[RECORDS FOR THIS EXERCISE Boundary: Start]

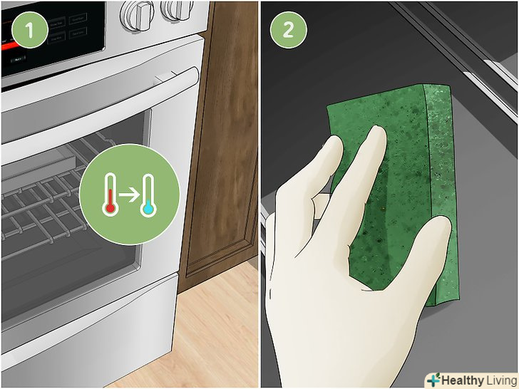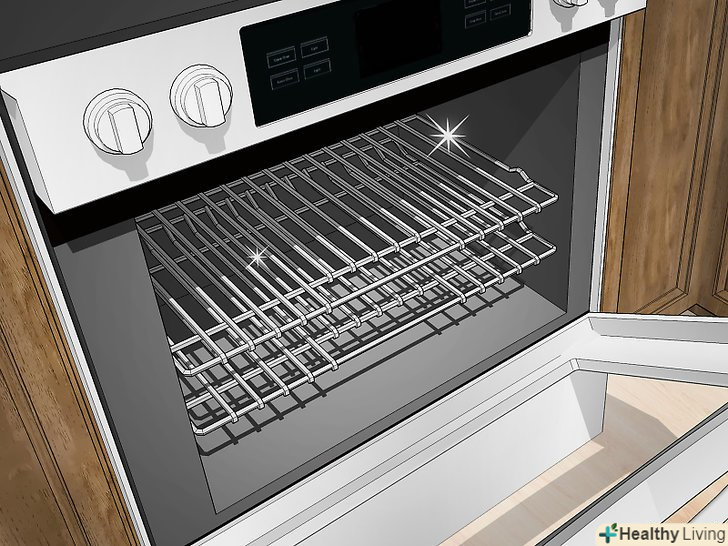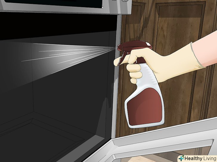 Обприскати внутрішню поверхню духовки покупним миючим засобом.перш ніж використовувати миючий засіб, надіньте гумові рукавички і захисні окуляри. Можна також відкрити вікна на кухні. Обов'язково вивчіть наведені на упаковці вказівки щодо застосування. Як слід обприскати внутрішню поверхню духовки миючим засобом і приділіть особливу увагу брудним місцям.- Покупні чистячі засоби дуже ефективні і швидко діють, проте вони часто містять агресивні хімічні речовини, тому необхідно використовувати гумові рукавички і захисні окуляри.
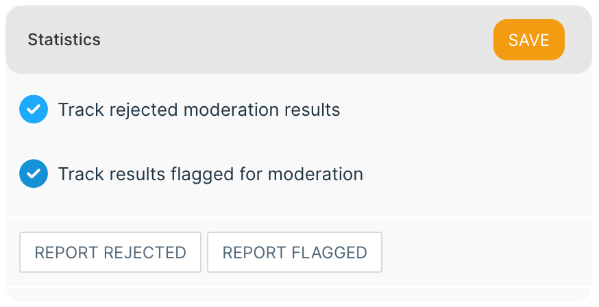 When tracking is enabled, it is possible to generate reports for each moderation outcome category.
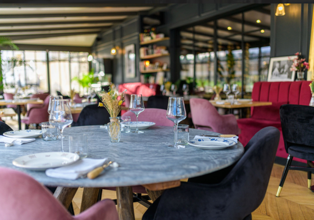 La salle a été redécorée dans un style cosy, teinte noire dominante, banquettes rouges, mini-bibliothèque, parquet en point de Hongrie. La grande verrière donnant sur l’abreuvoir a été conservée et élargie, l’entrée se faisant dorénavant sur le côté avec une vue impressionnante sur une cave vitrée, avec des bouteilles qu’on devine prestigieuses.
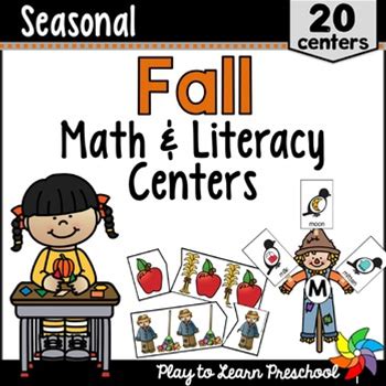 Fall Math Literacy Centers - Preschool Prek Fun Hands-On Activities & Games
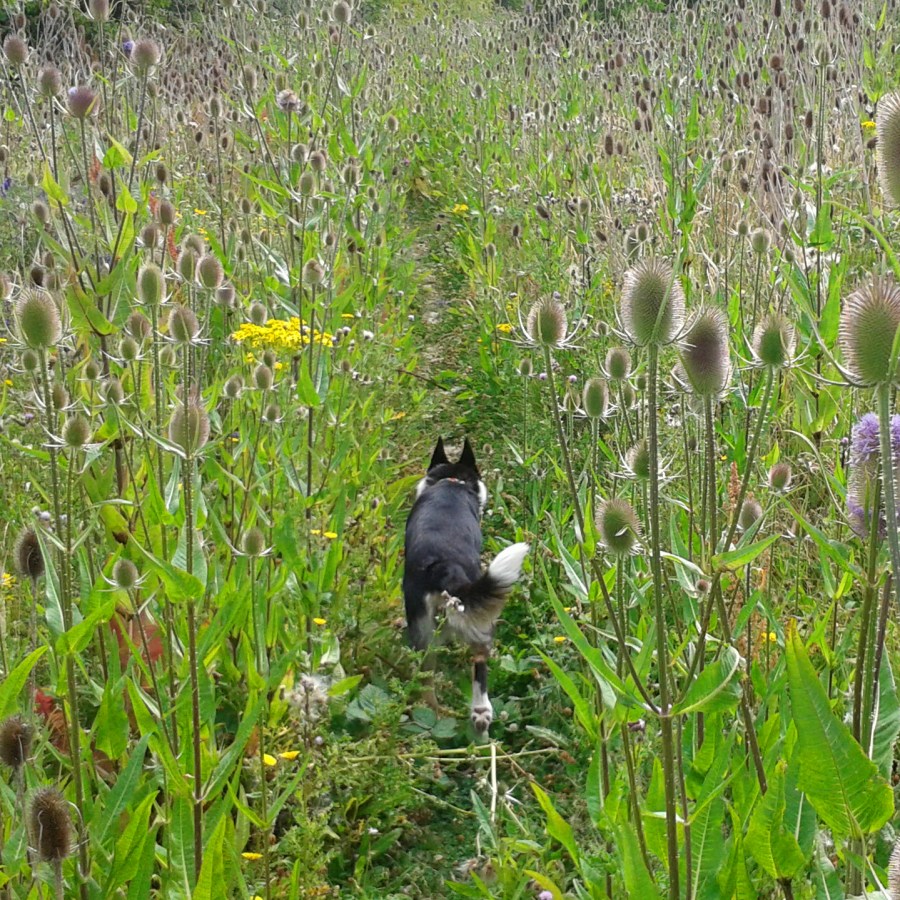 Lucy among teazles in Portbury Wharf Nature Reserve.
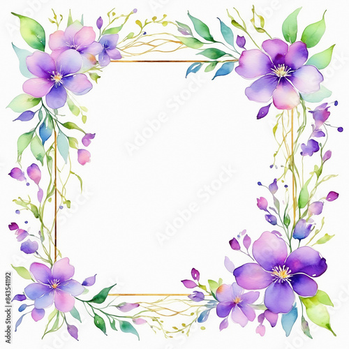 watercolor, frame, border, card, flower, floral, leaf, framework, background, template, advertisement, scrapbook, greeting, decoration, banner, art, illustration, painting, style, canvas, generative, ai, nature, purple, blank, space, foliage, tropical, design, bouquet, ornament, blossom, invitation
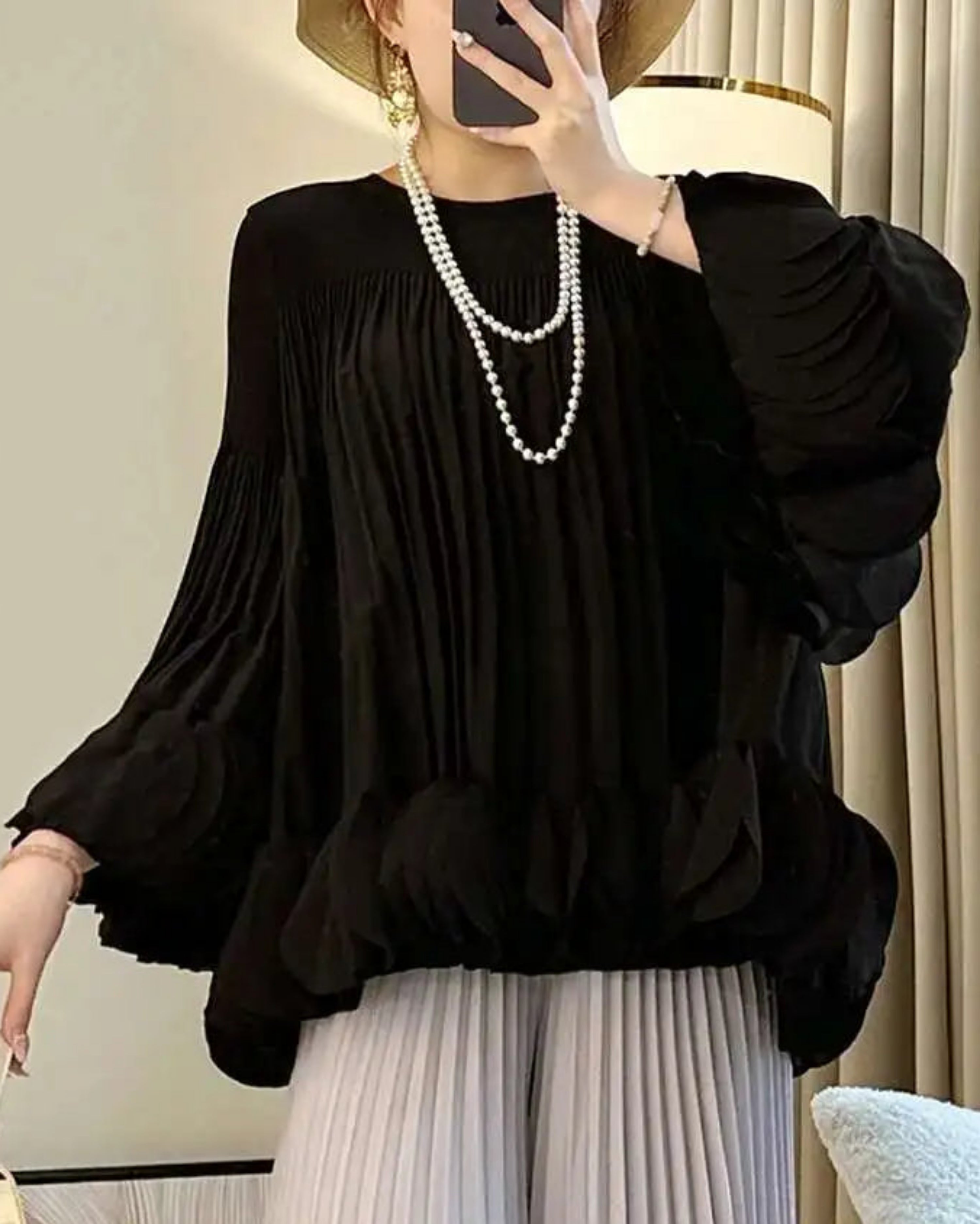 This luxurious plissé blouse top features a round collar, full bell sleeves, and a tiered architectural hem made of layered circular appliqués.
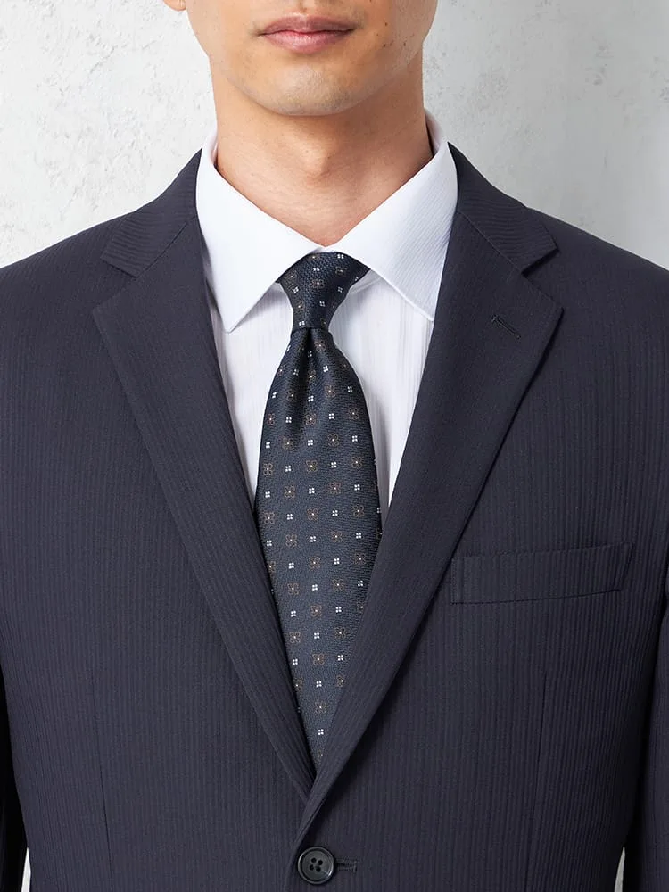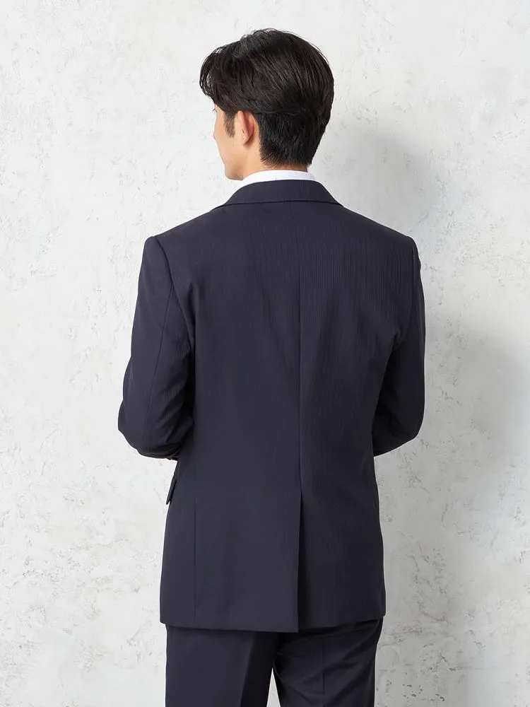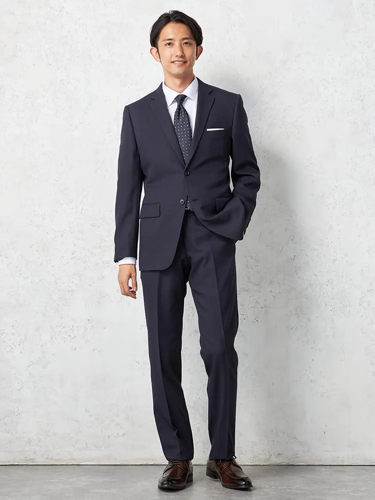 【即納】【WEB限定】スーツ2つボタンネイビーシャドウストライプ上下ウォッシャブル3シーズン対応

[RECORDS FOR THIS EXERCISE Boundary: End]

#### TASK DIRECTIONS
Although the records include pictures, output only their text, exactly and completely.

#### TASK RESULT
 Обприскати внутрішню поверхню духовки покупним миючим засобом.перш ніж використовувати миючий засіб, надіньте гумові рукавички і захисні окуляри. Можна також відкрити вікна на кухні. Обов'язково вивчіть наведені на упаковці вказівки щодо застосування. Як слід обприскати внутрішню поверхню духовки миючим засобом і приділіть особливу увагу брудним місцям.- Покупні чистячі засоби дуже ефективні і швидко діють, проте вони часто містять агресивні хімічні речовини, тому необхідно використовувати гумові рукавички і захисні окуляри.
 When tracking is enabled, it is possible to generate reports for each moderation outcome category.
 La salle a été redécorée dans un style cosy, teinte noire dominante, banquettes rouges, mini-bibliothèque, parquet en point de Hongrie. La grande verrière donnant sur l’abreuvoir a été conservée et élargie, l’entrée se faisant dorénavant sur le côté avec une vue impressionnante sur une cave vitrée, avec des bouteilles qu’on devine prestigieuses.
 Fall Math Literacy Centers - Preschool Prek Fun Hands-On Activities & Games
 Lucy among teazles in Portbury Wharf Nature Reserve.
 watercolor, frame, border, card, flower, floral, leaf, framework, background, template, advertisement, scrapbook, greeting, decoration, banner, art, illustration, painting, style, canvas, generative, ai, nature, purple, blank, space, foliage, tropical, design, bouquet, ornament, blossom, invitation
 This luxurious plissé blouse top features a round collar, full bell sleeves, and a tiered architectural hem made of layered circular appliqués.
 【即納】【WEB限定】スーツ2つボタンネイビーシャドウストライプ上下ウォッシャブル3シーズン対応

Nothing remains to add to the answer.